Верзилин прочитал, усмехнулся.
— Ну что? Ну что? — торопливо проговорил Коверзнев, — Пишут, что на вокзале закатывается в ресторан и заказывает десять обедов… Ведь смотря какие обеды…
— У меня Никита за троих ест, — снова усмехнулся Верзилин.
— Вот я и говорю, вот я и говорю!.. Выходит из вокзала и садится на первого попавшегося извозчика… Да ведь смотря какой экипаж выбрать… я не сомневаюсь, что для человека вашей комплекции можно выбрать такой экипаж, что он распадётся сразу же, как только вы в него сядете с маху… Перед выступлением усаживается за стол на арене и съедает поросёнка и выпивает четверть водки… Да, здорово! Но где спорт? Где сила и ловкость? Рвёт цепи? Так они перекалённые. Разгибает подковы? Так они маленькие… Знаем мы всё это. Вон Генри Томсон штангу поднимал, в шарах которой по человеку сидело… А она возьми да и сломайся — деревянная оказалась; а шары из веток сплетены, подкрашены под железо. А вместо мужчин мальчики с приклеенными бородами сидели… Я спрашиваю, где сила? Обман, один обман… Да, он побеждает всех, кто выходит против него. Но ведь это любители! Любители, а не профессионалы! Подумаешь, одного вызывает. Вон Иван Шемякин в Москве у Альберта Саламонского по десять человек в вечер вызывает и обещает награду тому, кто устоит против него больше минуты. Больше минуты! Совсем другое дело…

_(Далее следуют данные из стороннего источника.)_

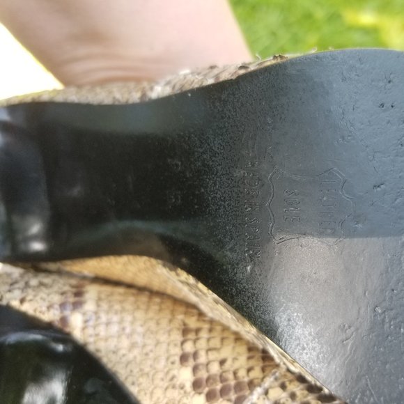 Coup D'Etat "3 Fame " shoes Unique real snakeskin 9 M ALL LEATHER made in Spain. They Python or real snakeskin leather they do not make shoes like this anymore, so It is top of the line. they have silver insole made of leather, no peeling . Silver piping around opening. And colors are so beautiful, silver snakeskin and grey and off white , light beige color. Over all in great preowned condition. if you between 8.5 and 9 sizes it will fit great too. insole 10 "heel 4" great support arched hell
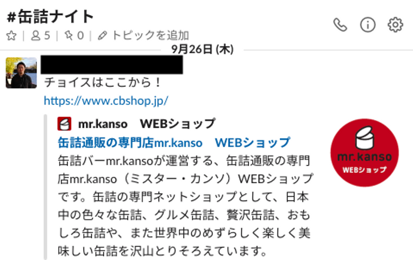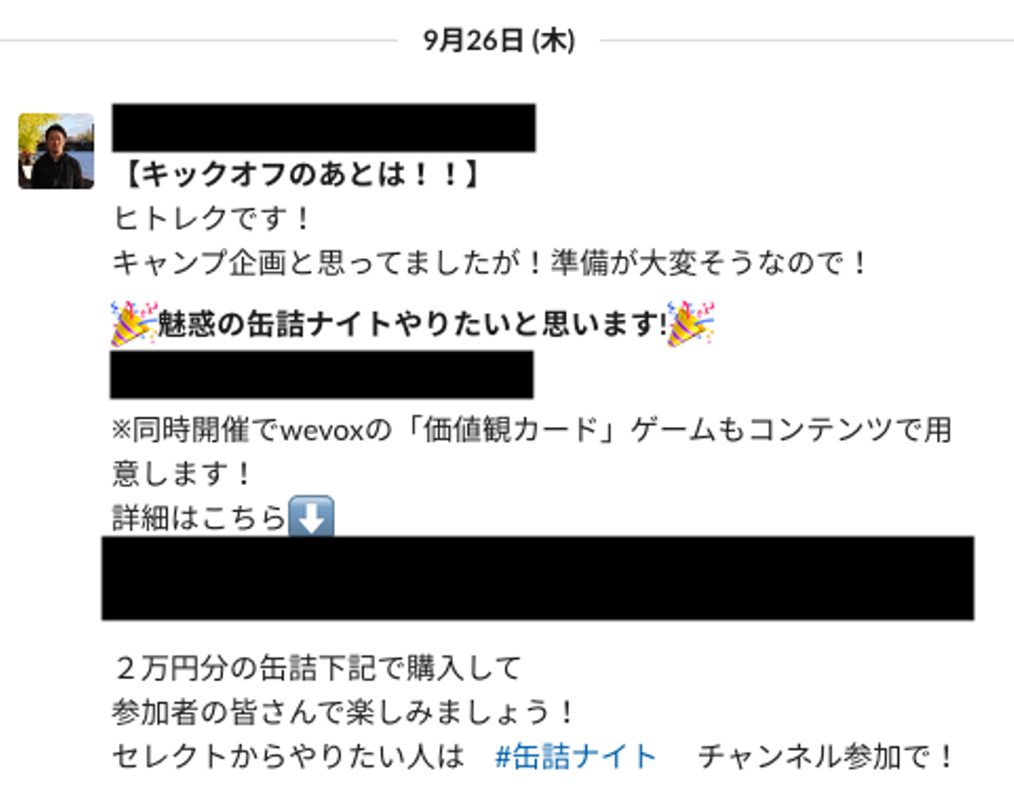 投稿後すぐに作られたSlackチャネル「#缶詰ナイト」。

— Не один Шемякин, — пожал плечами Верзилин. — Пятлясинский, Спуль, да и другие тоже по десять человек вызывают.
— Вот я и говорю. Наша страна богата богатырями… Потому–то и обидно… Тут всё тонко подстроено. Иначе бы он не приехал в Петербург… Поддубный ушёл с арены; в деревню вернулся, крестьянствует. А Заикин с миллионерами Поташниковыми связался (они ему самолёт купили) — летает над Одессой. Вятского богатыря Гришу Салтыкова — отравили… Вахтуров борется за границей. Вот и некому проучить этого хвастуна. Ведь он из Турции едет непобеждённым. Нынче весной его Збышко — Цыганевич в Бухаресте уложил. После этого он в Турцию уехал, потом к нам, на юг… Переезжает из города в город — наводит на всех ужас. Вес колоссальный. Носит пятнадцать жилеток, какой–то мохнатый сюртук, засаленный складной цилиндр, огромные кожаные ботинки без застёжек, с ушками; в руках — железную палку… Рекламу себе создаёт с первой минуты, как появляется в городе — на вокзале… Едет в гостиницу. А там уже о нём наслышаны — говорят: номеров нет. Он не слушает, выбирает лучший номер, идёт в буфет — заказывает опять всего самого лучшего и снова не расплачивается. Если вызывают полицию — всё ломает, поэтому все предпочитают от него откупиться, просят переехать в другую гостиницу. А там тоже предлагают деньги — поезжайте в другую. Он и ездит из гостиницы в гостиницу — везде получает деньги… В городе какой–нибудь вшивенький чемпионат. Корда идёт туда. Вызывает всех борцов. До полицейского часа успевает положить нескольких. И так ездит из города в город. Ясно, что ему сопутствует реклама… Вот его Чинизелли и пригласил к себе… И уже приручил своими деньгами и властью. В бенефис будет бороться.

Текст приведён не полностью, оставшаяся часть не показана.